2. Philosophical Approach
In the classical or normative period the study of politics
reflected a normative concern and deductive method of
explanation. It argued from a general premise to more specific
conclusions. It speculated on the proper form of government
and on the nature of political obligation. Philosophical approach
is generally identified with value preferences. The emphasis is on
moral and rational premises. This approach is based on the view
that values are inevitable and essential for evaluating political
phenomena.
The classical political philosophers were concerned with
the justification of values and reconciliation of liberty and
obligation. Plato, for example dealt with the question of ‘justice’
in the Republic through the ideal state. The ethical basis and the
moral purpose of the political community was analysed in detail
by political philosophers like Plato, Aristotle, Bentham and Hegel.

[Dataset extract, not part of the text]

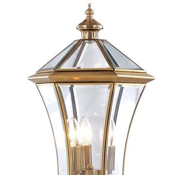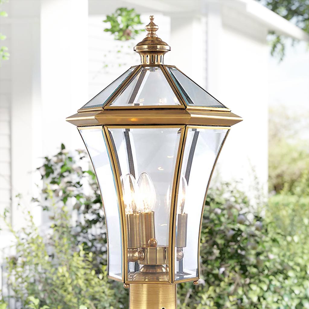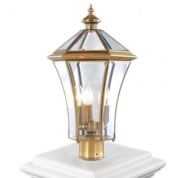 Đèn trụ cổng cao cấp với thiết kế hình khối lập phương bắt mắt. Sản phẩm sử dụng chất liệu đồng nên đem lại vẻ thẩm mỹ hoàn hảo, cũng như không bị oxi hóa khi sử dụng ngoài trời. Đèn sử dụng chao đèn thủy tinh trong khá dày, giúp làm mềm ánh sáng. Nhờ vậy ánh sáng từ đèn rất mềm và ấm cúng, đem lại không gian tiện nghi, vừa an ninh và cũng rất ấm cúng cho ngôi nhà của bạn.

Thus the philosophical period is noted for its general trend of
setting standards based on values like justice, freedom and
happiness.
Philosophical approach aims at evolving “standards of right
and wrong” for the purpose of critical evaluations of the existing
institutions, laws and policies. It may denote efforts to arrive at
truth through the use of reason. According to Vernon Van Dyke,
the object of philosophical enquiry in this sense is to establish
standards of the good, the right, and the just, and to appraise or
prescribe political institutions and practices in the light of these
standards. In this sense most of the classical political theory
represents philosophical approach. Its themes are generally
concerned with moral reasoning which cannot be subjected to
scientific test.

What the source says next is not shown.